- [YOUR ASSIGNMENT] Repeat the data that follows exactly, starting at the line with "Женская модная толстовка" and ending at the line with "答:在【Options】的【Gameplay】中的【Language】处修改。", and leave out every picture.

- [RECORD SET]

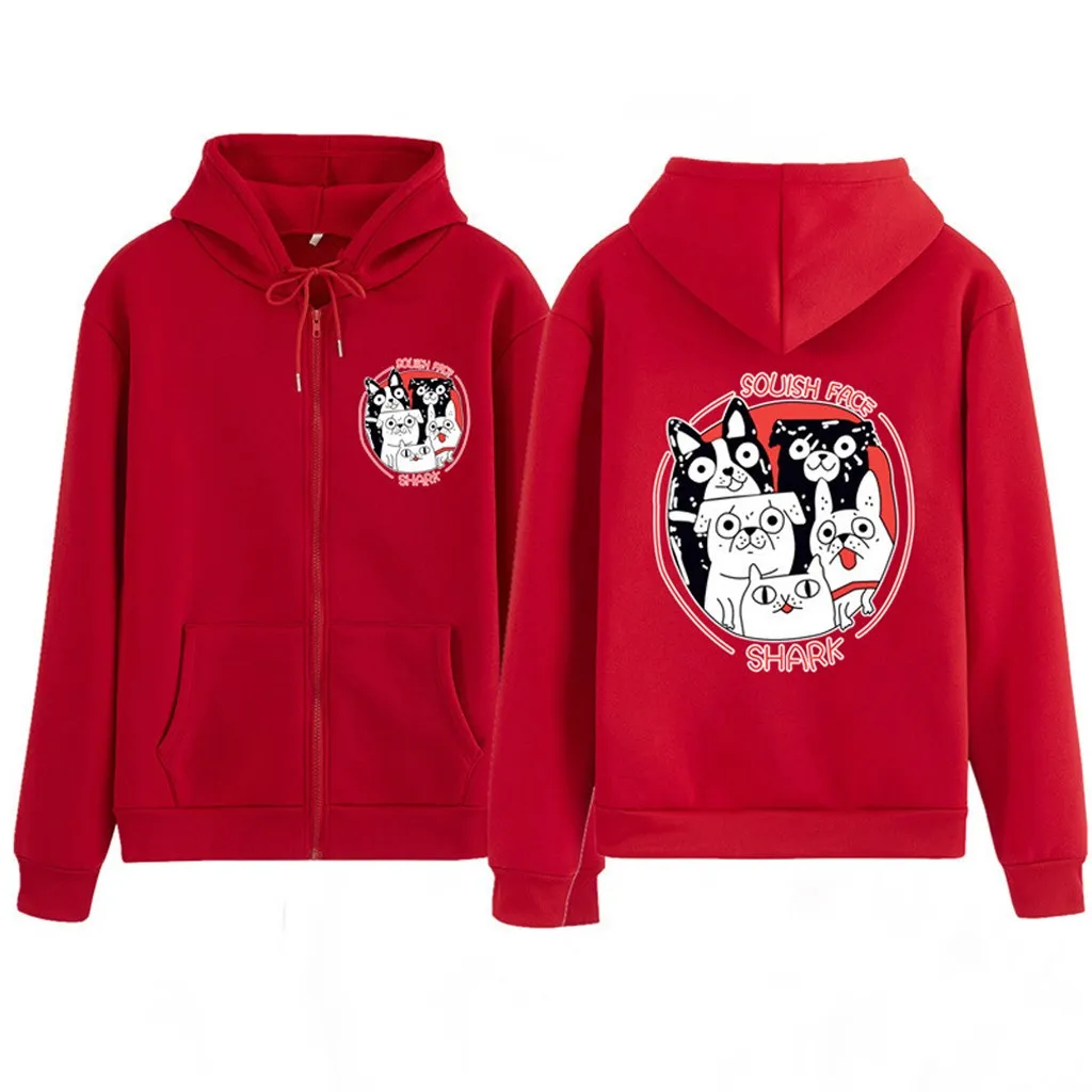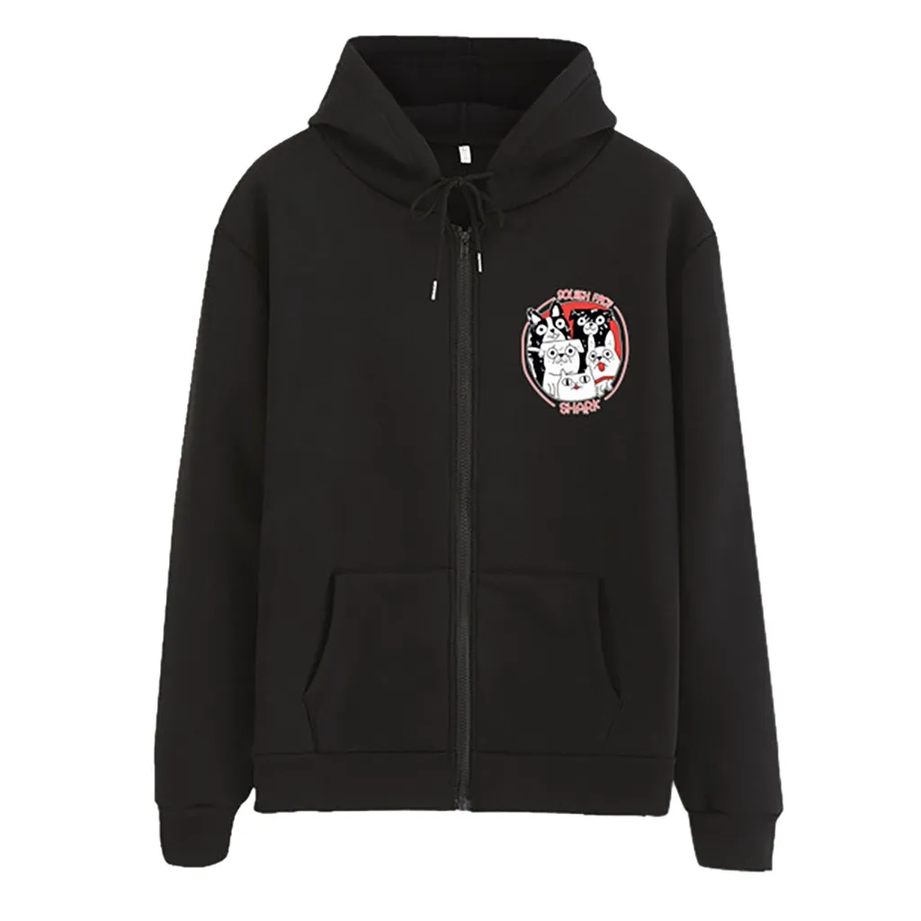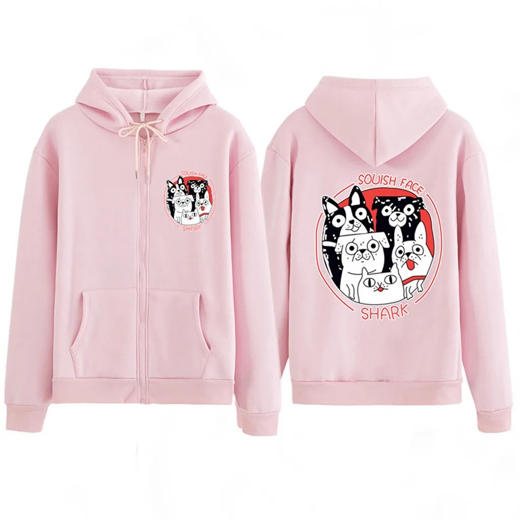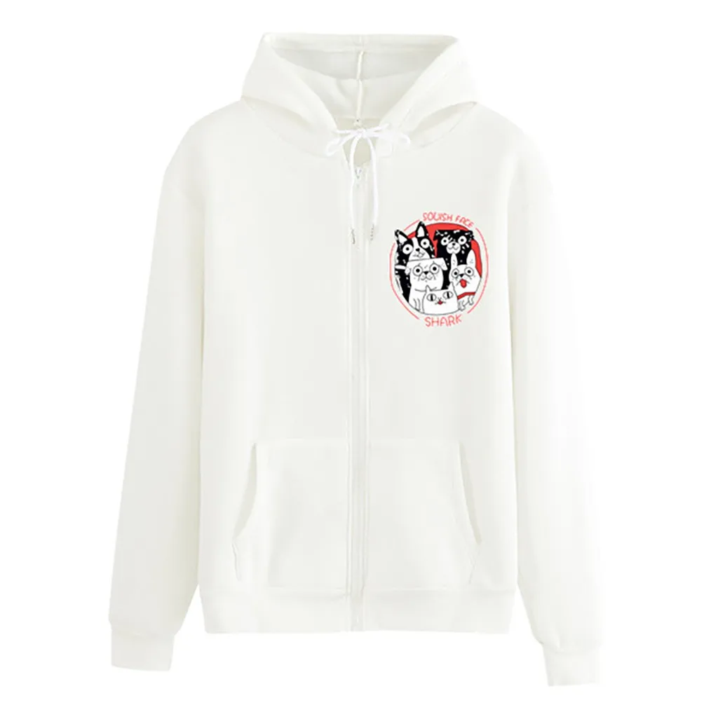Женская мода случайные свободные o-neckrabbit печати молнии Hoodie печатных пальто-пулловер
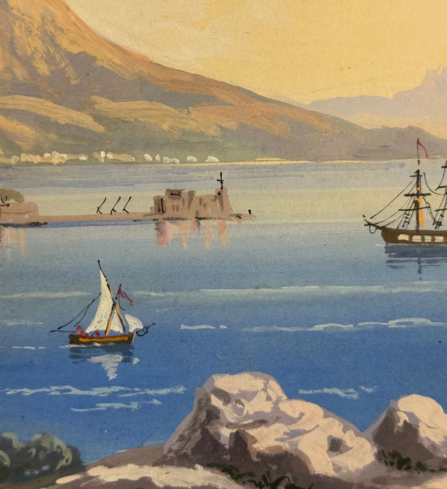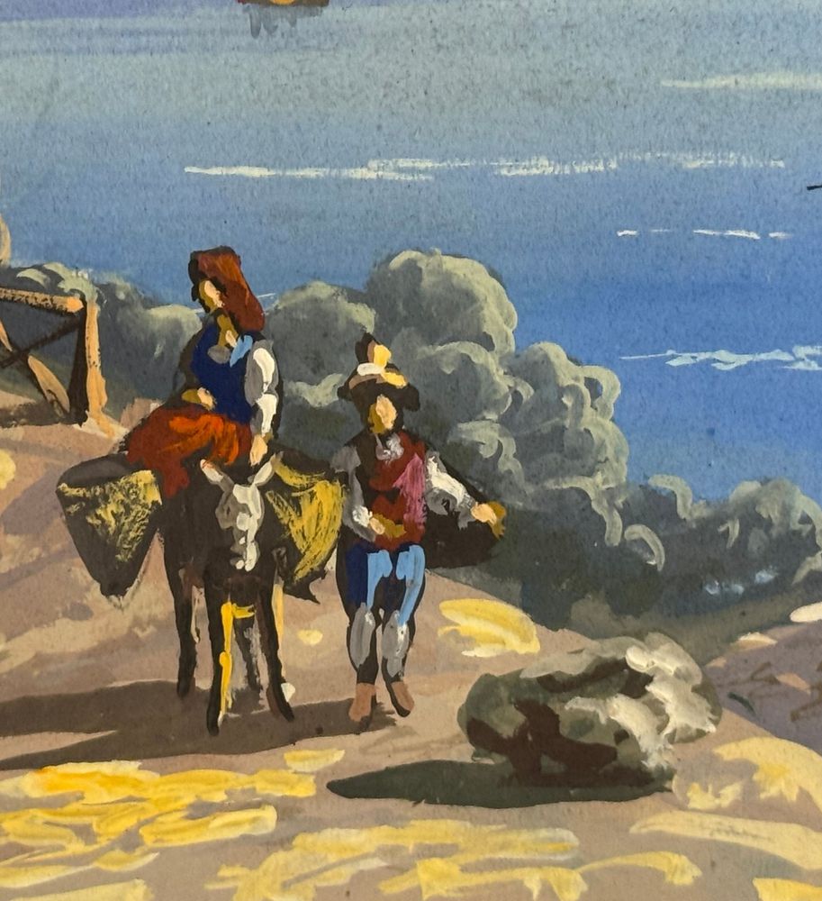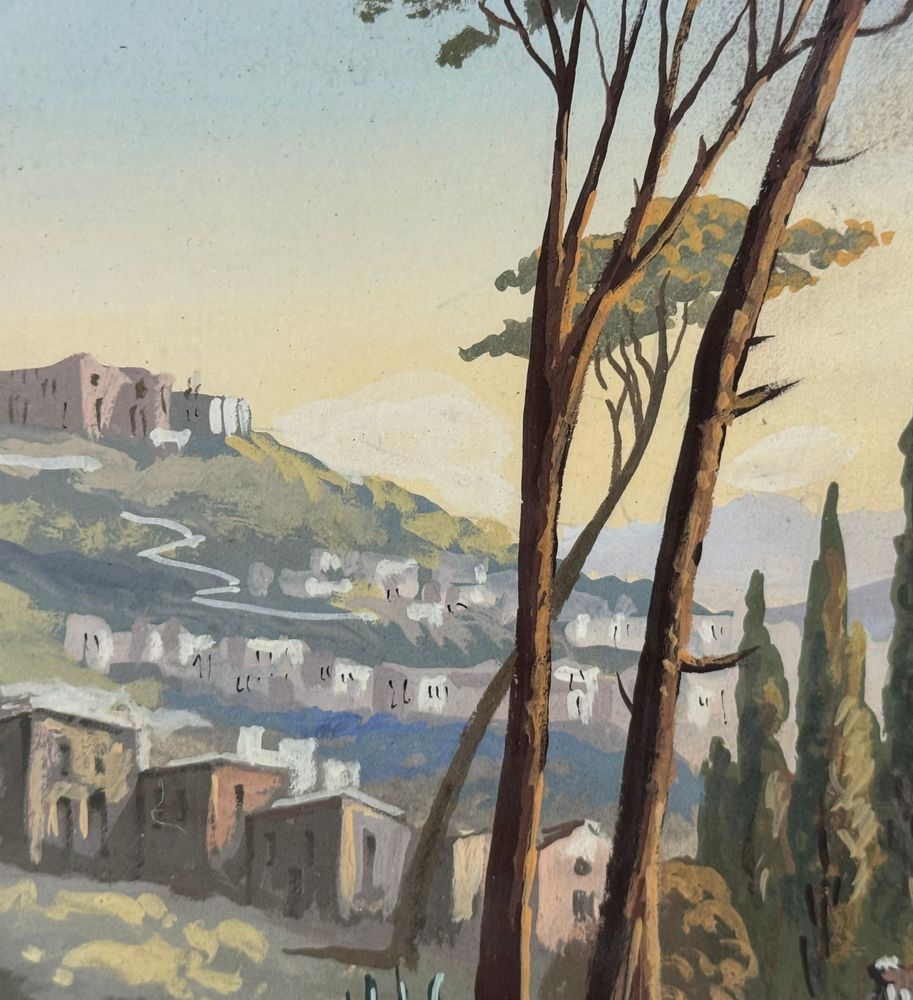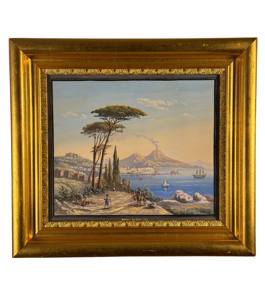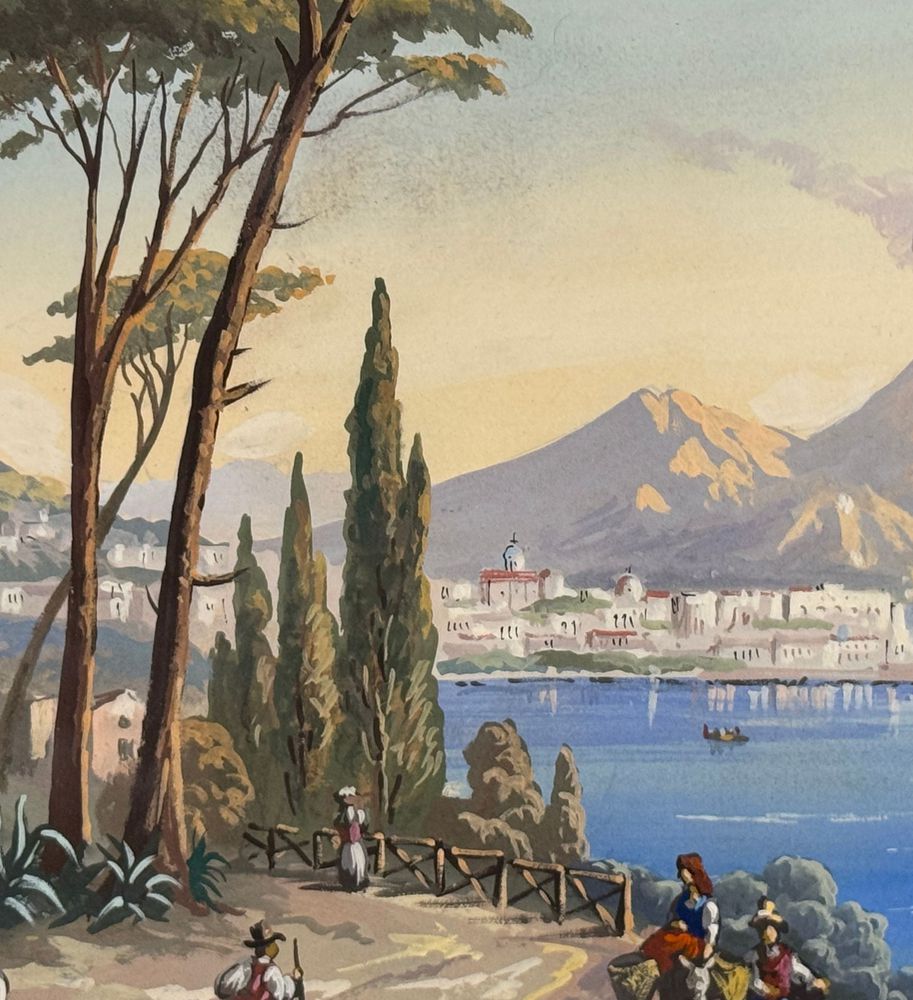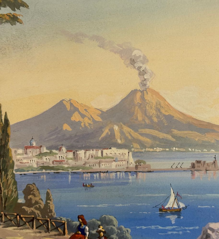 ANONIMO - Dipinto guazzo (tempera su carta), periodo XX secolo, scuola Italiana raffigurante Veduta di Napoli da Posillipo. Dimensioni compreso cornice: 58x52 cm. Dimensioni interno cornice: 41x35 cm. Da artista anonimo. Opera in buone condizioni. Cornice con lievi segni di vissuto come da foto allegate.
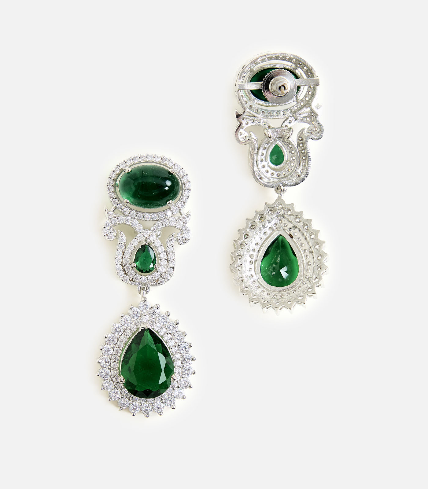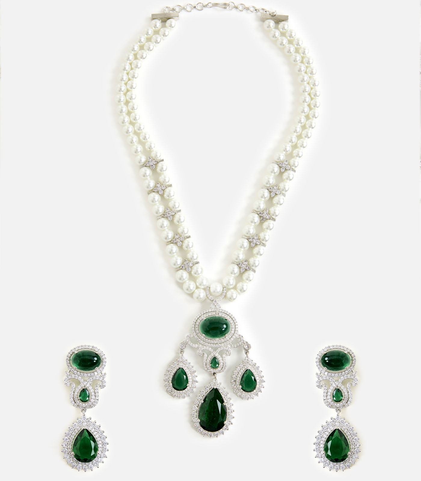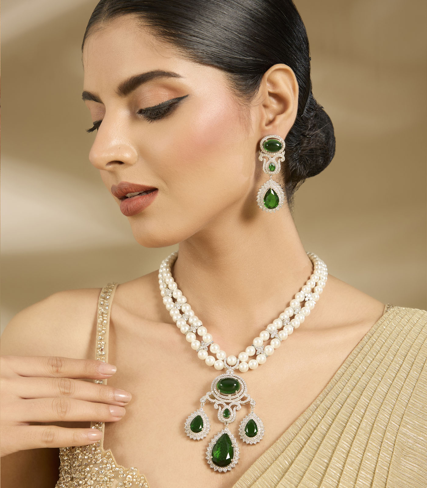 A graceful pearl and green stone necklace set featuring a layered design with matching earrings. Perfect for weddings, festive occasions, and parties, adding timeless elegance to any attire.
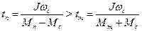 т.е. пропорционально запасу кинетической энергии при тормозной мощности равной пусковой. Время свободного выбега привода при
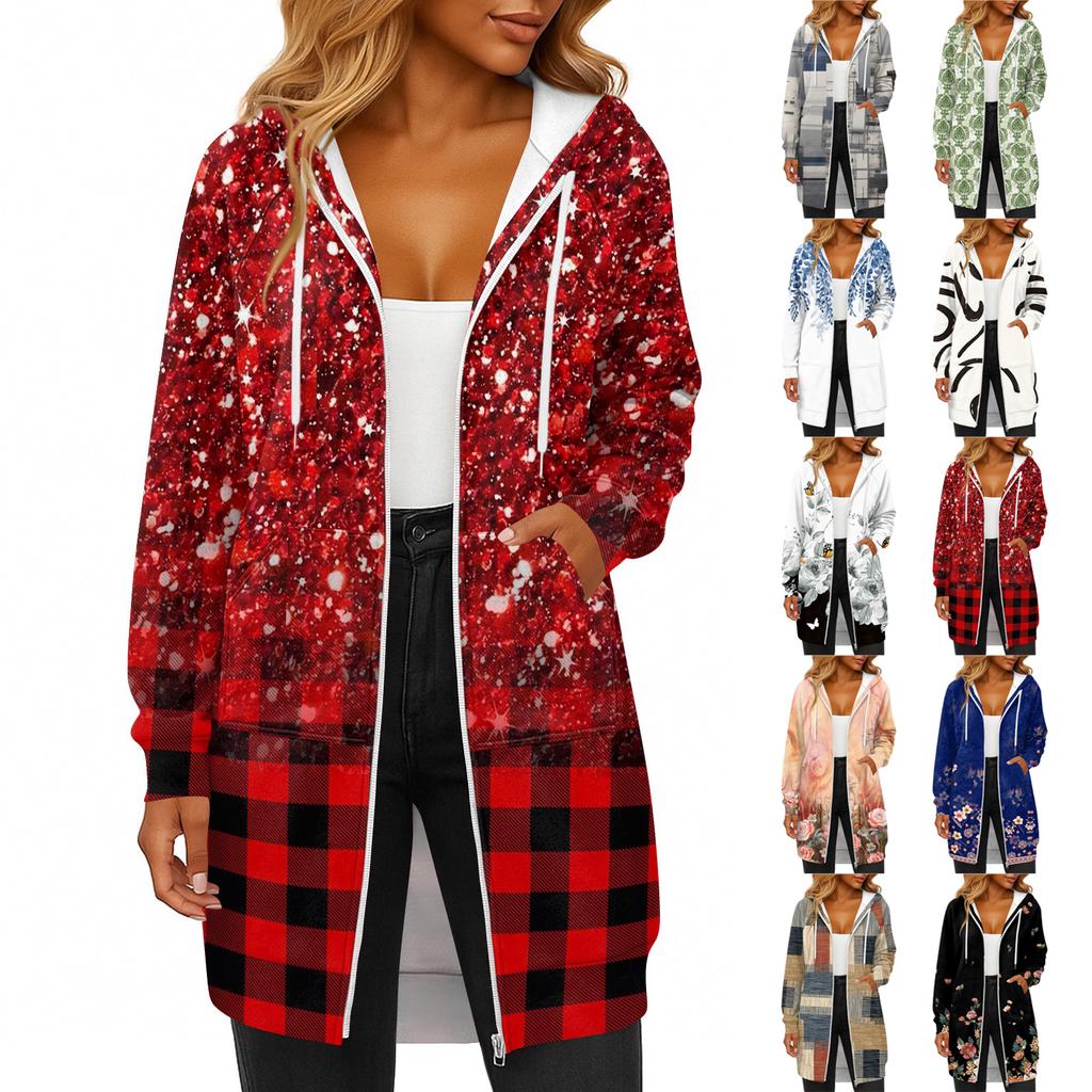 Женская модная толстовка с длинными рукавами, принтом, капюшоном на кулиске, карманом на молнии, длинная, повседневная — купить товар онлайн с бесплатной доставкой по всему миру!
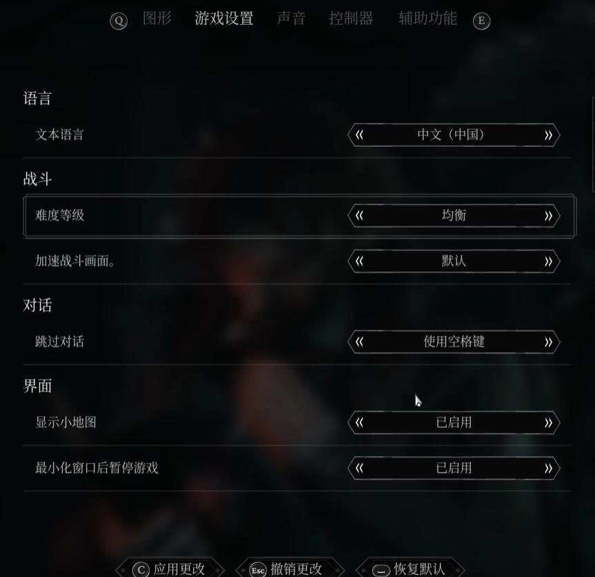 答:在【Options】的【Gameplay】中的【Language】处修改。
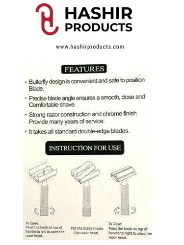 High Quality Grandpa's Old Fashioned Safety Razor - Heavy Duty Re-loadable Butterfly Style w/20 PCS SuperMax Platinum Double Edge Razor Blades Heavy duty Professional c opper alloy body and chrome electroplated Single blade for superior shaving and helps to minimize the chance of ingrown hairs Butterfly style opening easy mechanism works and functions for quick blade change Twist the bottom of the handle to open the razor head, carefully insert a new blade and twist the bottom until the head closes completely secure Razor Handle size is 3.5" 20 PCS SuperMax Platinum brand Double Edge Razor Blades You can use any other brands of Double Edge blades Great for Personal Use, Hair Salons and Barbershops HARD TO FIND PRODUCT - EASY TO USE AND TRAVEL WITH AS WELL We want you to know that we try to offer the lowest prices for all of our products and we adore each and every of our customers and will do whatever it takes to make you happy because if you’re happy we’re happy. We hope you’ll come back for more quality products that we offer at our EBAY STORE. Your satisfaction is our top #1 priority – nothing is more important. PLEASE CHECK OUT OUR EBAY STORE FOR GREAT ITEMS AND DEALS EVERYDAY If you have any questions please contact us via email - 24 hours a day View more great items
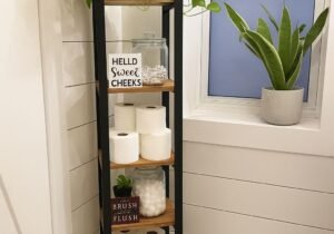 Estantería vertical de baño en hierro negro y madera maciza | Valhalla Hym
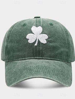 Herr Basebollkeps Svart Vit Bomull Broderi Ledigt Ledigt Dagligen Saint Patrick Day Ensfärgat Vitklöver Sol Solskydd
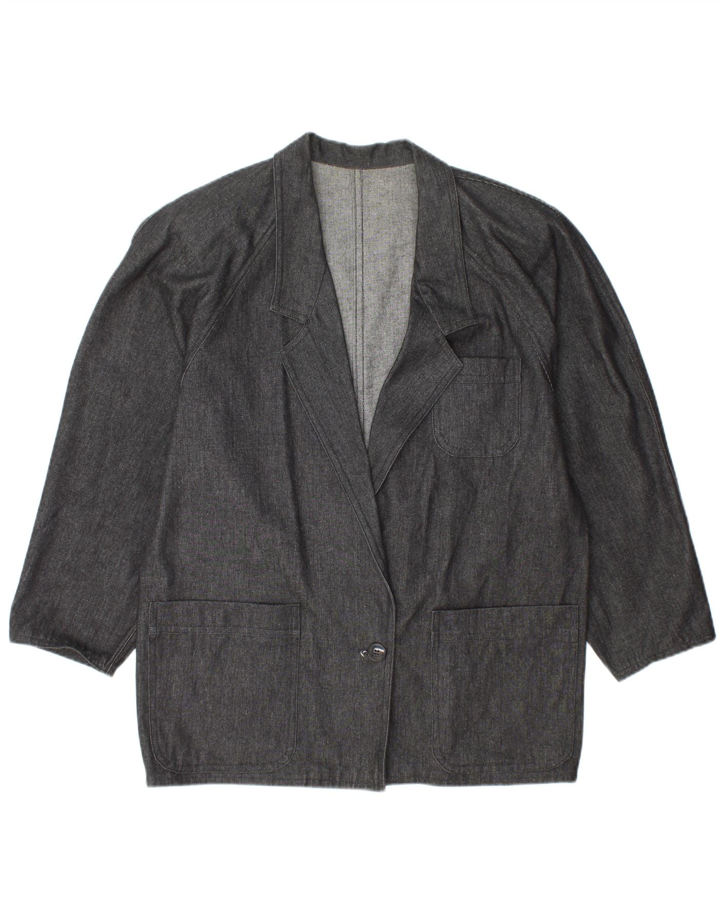 Giacca blazer da donna a 1 bottone in denim VINTAGE UK 14 grande grigio

- [ANSWER TO THIS TASK]
 Женская модная толстовка с длинными рукавами, принтом, капюшоном на кулиске, карманом на молнии, длинная, повседневная — купить товар онлайн с бесплатной доставкой по всему миру!
 答:在【Options】的【Gameplay】中的【Language】处修改。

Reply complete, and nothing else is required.